Chebyshev Inequality - How is the following inferred ??

Question

In chapter 3, Norm and Distance of Introduction to Applied Linear Algebra by Boyd, an example explaining the Chebyshev inequality for standard deviation is given as:

Consider a time series of return on investment, with a mean return of 8%, and a risk (standard deviation) 3%.

The author states -

By the Chebyshev inequality, the fraction of periods with a loss (i.e., $x_i$ ≤ 0) is no more than $(\frac{3}{8})^2 = 14.1%$. (In fact, the fraction of periods when the return is either a loss, $x_i$ ≤ 0, or very good, $x_i$ ≥ 16%, is together no more than 14.1%.)

Currently, I know that the Chebyshev inequality states that If k is the number of entries of x that satisfy |$x_i$ − avg(x)| ≥ a, then $\frac{k}{n}$ ≤ $(\frac{std(x)}{a})^2$ .

But I am not able to correlate this to the example.
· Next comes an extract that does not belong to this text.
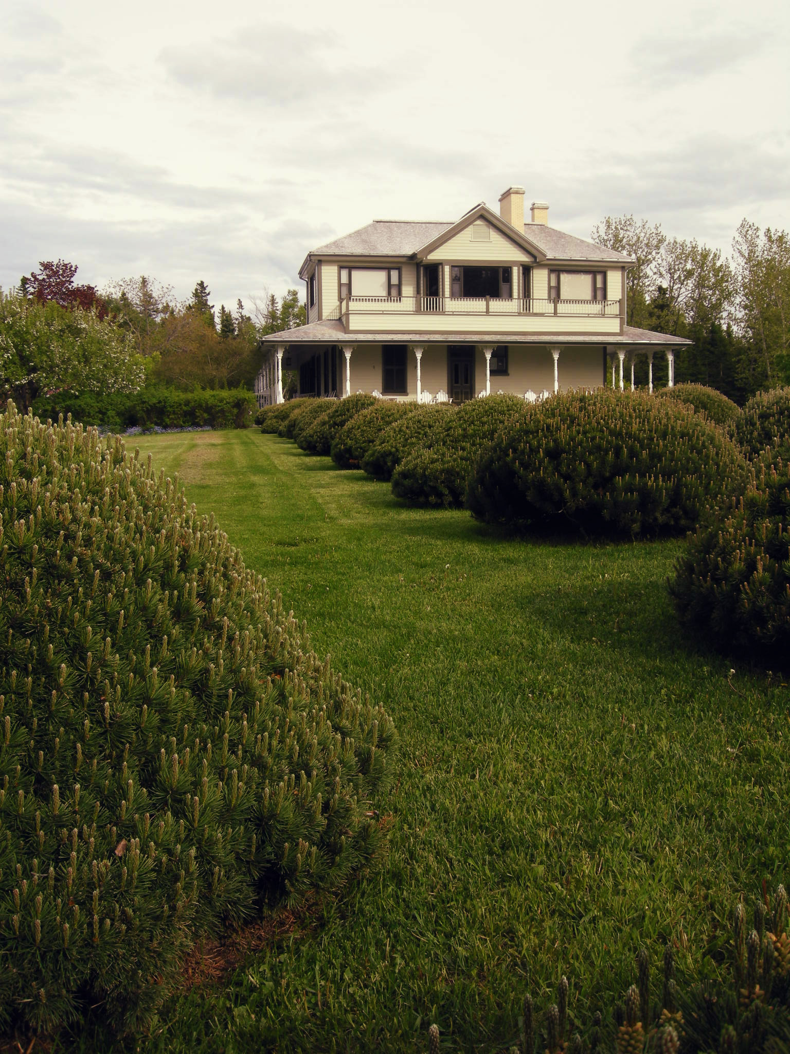 Estevan Lodge: A Historic House at the heart of the Reford Gardens

Can someone please explain, how $(\frac{3}{8})^2$ is inferred?

Answer 1

The way to see that is to remember he wants to know the fraction of periods incurred in losses, i.e. $$x_i <= 0$$.

If the mean return is 8% it implies that in order to have a loss, $$a$$ has to be equal or greater than 8. So $$a = 8$$ here. Also the reason he says the fraction of periods is no more than 14.1% for either a loss, $$x_i <= 0$$ or for very good returns, $$x_i >= 16$$.